## Work instruction
Leave out the pictures and output exactly the lines below from the one with "ภาพที่ ๑๐ •" down to the one with "Puntera no metálica", both of them included.

## Provided records
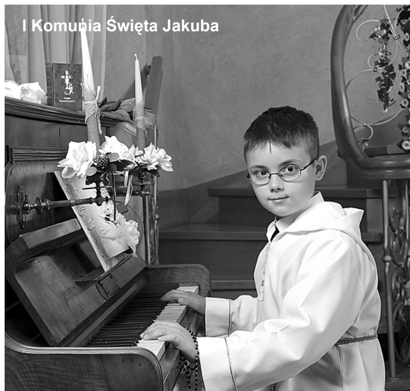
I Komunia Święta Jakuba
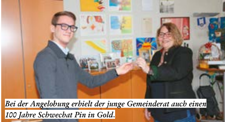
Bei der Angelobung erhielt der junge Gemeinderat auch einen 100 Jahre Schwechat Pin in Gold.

* * *

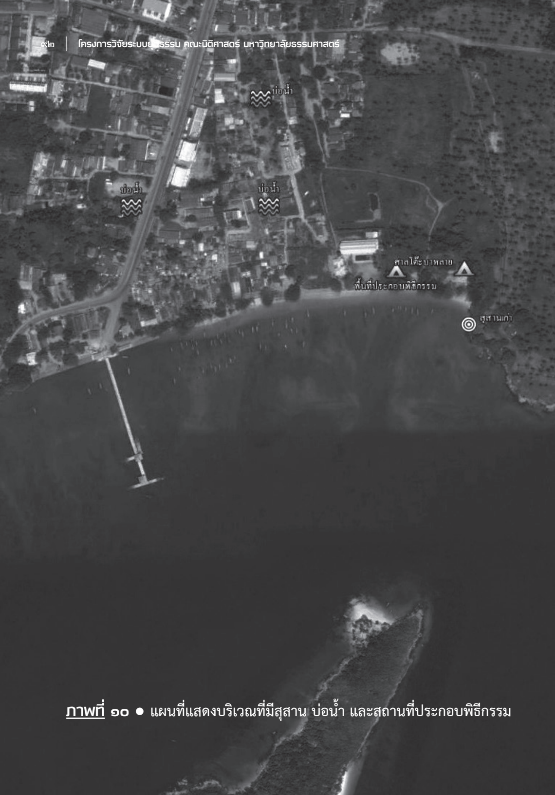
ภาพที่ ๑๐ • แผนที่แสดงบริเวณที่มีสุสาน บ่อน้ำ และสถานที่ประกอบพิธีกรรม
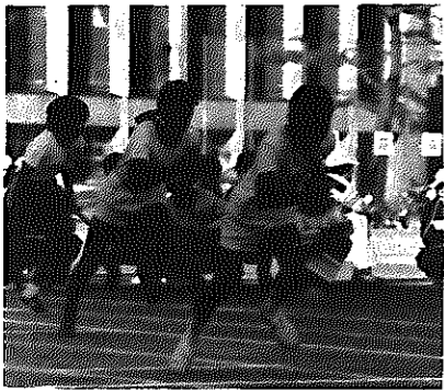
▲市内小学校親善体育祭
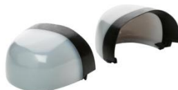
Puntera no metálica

## Task result
ภาพที่ ๑๐ • แผนที่แสดงบริเวณที่มีสุสาน บ่อน้ำ และสถานที่ประกอบพิธีกรรม
▲市内小学校親善体育祭
Puntera no metálica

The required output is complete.